------ Source material ------

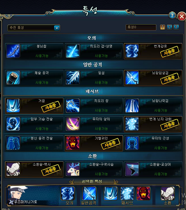 그래서 제가 자주 사용하는 캐릭터는 번개주인공, 사스케,이루카,히나타 입니다.
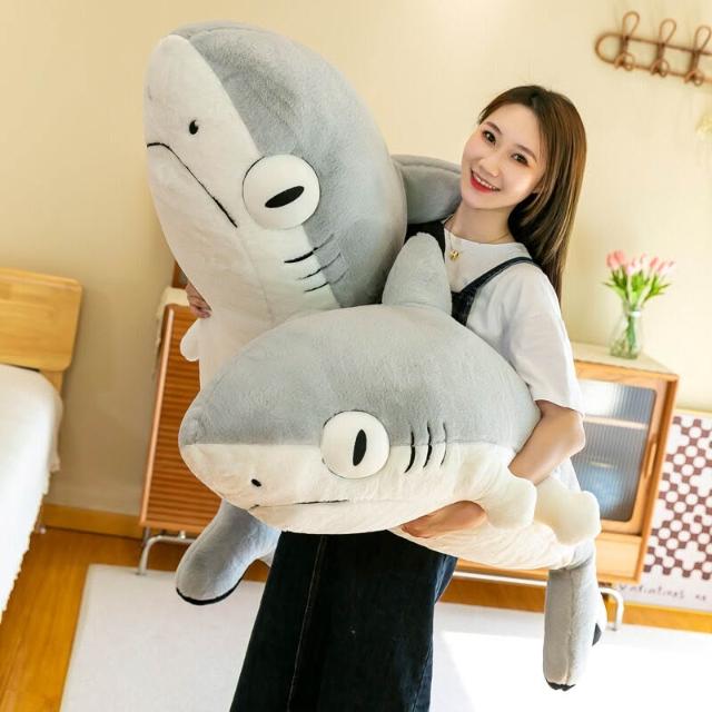 鲨魚抱枕床上安撫鲨貓玩偶睡覺抱枕毛絨玩具可愛大號公仔男女禮物 超舒服
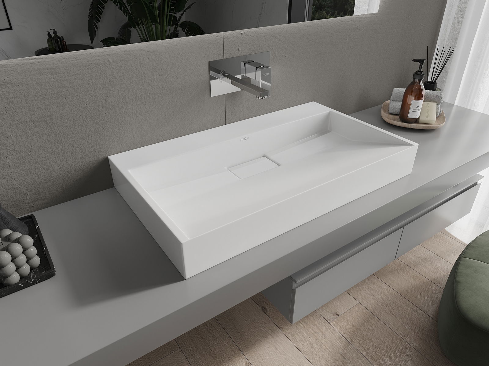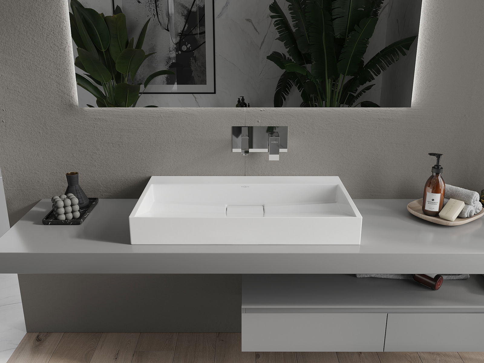 Ο επιτραπέζιος νιπτήρας από κογκλομεράτο με διαστάσεις 80 x 46 cm, σε λευκό χρώμα, είναι η ιδανική λύση για σύγχρονα μπάνια. Χάρη στο ορθογώνιο σχήμα του και την εξειδικευμένη του κατασκευή, το προϊόν εναρμονίζεται τέλεια με τις τάσεις του σχεδιασμού, προσφέροντας ταυτόχρονα λειτουργικότητα. Το χαμηλό ύψος 11 cm κάνει τον νιπτήρα άνετο στη χρήση. Το υλικό κογκλομεράτο εξασφαλίζει αντοχή και ευκολία στη συντήρηση. Η απουσία τρυπών για μπαταρίες επιτρέπει μεγαλύτερη ελευθερία στην επιλογή εξαρτημάτων.
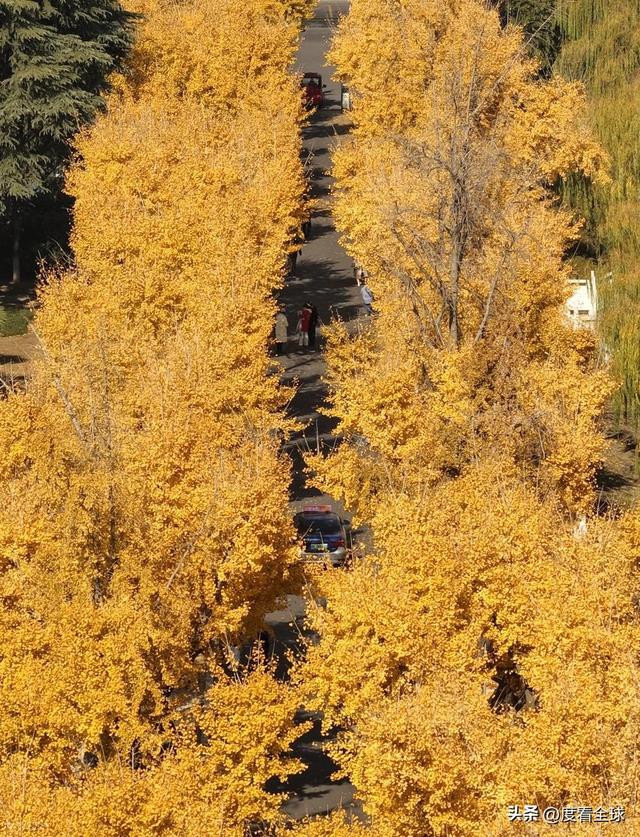 随着太阳逐渐升高,薄雾散去,银杏大道的“真面目”彻底展露。千余株银杏树整齐排列在大道两侧,树干挺拔粗壮,最高的可达20余米,枝繁叶茂的树冠在空中交织,形成一条金色的拱廊。阳光透过叶片的缝隙,在地面上投下密密麻麻的光斑,与地上厚厚的落叶交相辉映,踩上去软绵绵的,仿佛走在金色的地毯上。
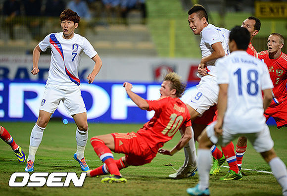 전반 6분 기성용이 올린 코너킥을 먼 포스트에서 쇄도하던 손흥민이 헤딩으로 맞췄다. 이를 러시아 수비가 걷어냈지만, 문전에 있던 김신욱이 오른발로 밀어 넣어 골을 기록했다. 그러나 한국의 리드는 오래가지 못했다. 전반 12분 박스 오른쪽으로 침투한 로만 시로코프가 올린 크로스를 골키퍼 정성룡이 놓치자, 문전으로 쇄도하던 스모로프가 슈팅으로 연결해 동점골을 넣었다.
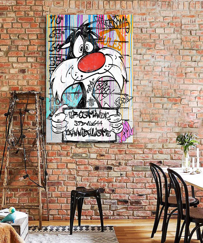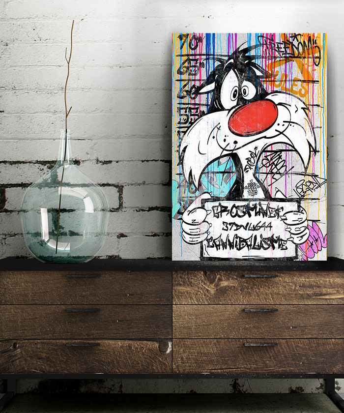 Nous vous présentons le tableau déco Grosminet Cartoon Tex Avery Street art. Si vous aimez le monde des cartoon, vous devriez aimer ce tableau déco de Grosminet autant que nous. En vous proposant ce tableau décoratif, nous souhaitons apporter un zeste d’originalité à votre intérieur. Cette toile propose une touche à la fois street-art et colorée.
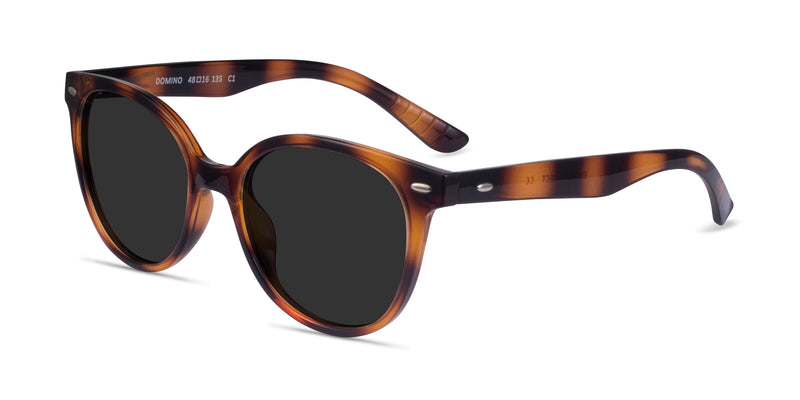The sunniest days call for the most stylish shades. Domino is a classic round frame fit for your little one, featuring a full-rim face front with a sophisticated tortoise finish. This retro-inspired look will have your kiddo feeling like a star. Complete with silver rivets and slightly curved temple tips for comfort.
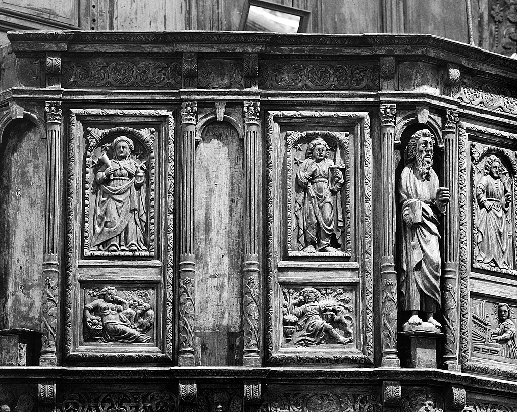 Détail de la tribune, Sybilles Européenne et Cimmérienne et symboles de l'Idôlatrie et de la luxureImmatriculation
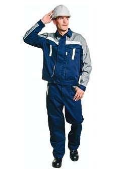 Цвет: темно-синий с серой отделкой. Ткань: смесовая(65% полиэфир, 35% хлопок) пл.215 г/м2, ВО. ГОСТ 27575-87
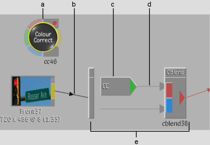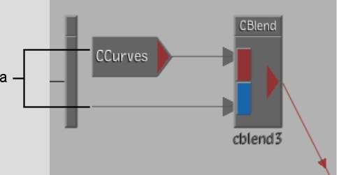 Use the nodes on the CBlend pipes to apply colour corrections and other processes to clips. Use the nodes on the MBlend pipes to create a matte for the composite. See Using Blend Nodes.

------

Exercise description: The full data, repeated exactly and stripped of its pictures, is the expected answer.

Completed task:
 그래서 제가 자주 사용하는 캐릭터는 번개주인공, 사스케,이루카,히나타 입니다.
 鲨魚抱枕床上安撫鲨貓玩偶睡覺抱枕毛絨玩具可愛大號公仔男女禮物 超舒服
 Ο επιτραπέζιος νιπτήρας από κογκλομεράτο με διαστάσεις 80 x 46 cm, σε λευκό χρώμα, είναι η ιδανική λύση για σύγχρονα μπάνια. Χάρη στο ορθογώνιο σχήμα του και την εξειδικευμένη του κατασκευή, το προϊόν εναρμονίζεται τέλεια με τις τάσεις του σχεδιασμού, προσφέροντας ταυτόχρονα λειτουργικότητα. Το χαμηλό ύψος 11 cm κάνει τον νιπτήρα άνετο στη χρήση. Το υλικό κογκλομεράτο εξασφαλίζει αντοχή και ευκολία στη συντήρηση. Η απουσία τρυπών για μπαταρίες επιτρέπει μεγαλύτερη ελευθερία στην επιλογή εξαρτημάτων.
 随着太阳逐渐升高,薄雾散去,银杏大道的“真面目”彻底展露。千余株银杏树整齐排列在大道两侧,树干挺拔粗壮,最高的可达20余米,枝繁叶茂的树冠在空中交织,形成一条金色的拱廊。阳光透过叶片的缝隙,在地面上投下密密麻麻的光斑,与地上厚厚的落叶交相辉映,踩上去软绵绵的,仿佛走在金色的地毯上。
 전반 6분 기성용이 올린 코너킥을 먼 포스트에서 쇄도하던 손흥민이 헤딩으로 맞췄다. 이를 러시아 수비가 걷어냈지만, 문전에 있던 김신욱이 오른발로 밀어 넣어 골을 기록했다. 그러나 한국의 리드는 오래가지 못했다. 전반 12분 박스 오른쪽으로 침투한 로만 시로코프가 올린 크로스를 골키퍼 정성룡이 놓치자, 문전으로 쇄도하던 스모로프가 슈팅으로 연결해 동점골을 넣었다.
 Nous vous présentons le tableau déco Grosminet Cartoon Tex Avery Street art. Si vous aimez le monde des cartoon, vous devriez aimer ce tableau déco de Grosminet autant que nous. En vous proposant ce tableau décoratif, nous souhaitons apporter un zeste d’originalité à votre intérieur. Cette toile propose une touche à la fois street-art et colorée.
The sunniest days call for the most stylish shades. Domino is a classic round frame fit for your little one, featuring a full-rim face front with a sophisticated tortoise finish. This retro-inspired look will have your kiddo feeling like a star. Complete with silver rivets and slightly curved temple tips for comfort.
 Détail de la tribune, Sybilles Européenne et Cimmérienne et symboles de l'Idôlatrie et de la luxureImmatriculation
 Цвет: темно-синий с серой отделкой. Ткань: смесовая(65% полиэфир, 35% хлопок) пл.215 г/м2, ВО. ГОСТ 27575-87
 Use the nodes on the CBlend pipes to apply colour corrections and other processes to clips. Use the nodes on the MBlend pipes to create a matte for the composite. See Using Blend Nodes.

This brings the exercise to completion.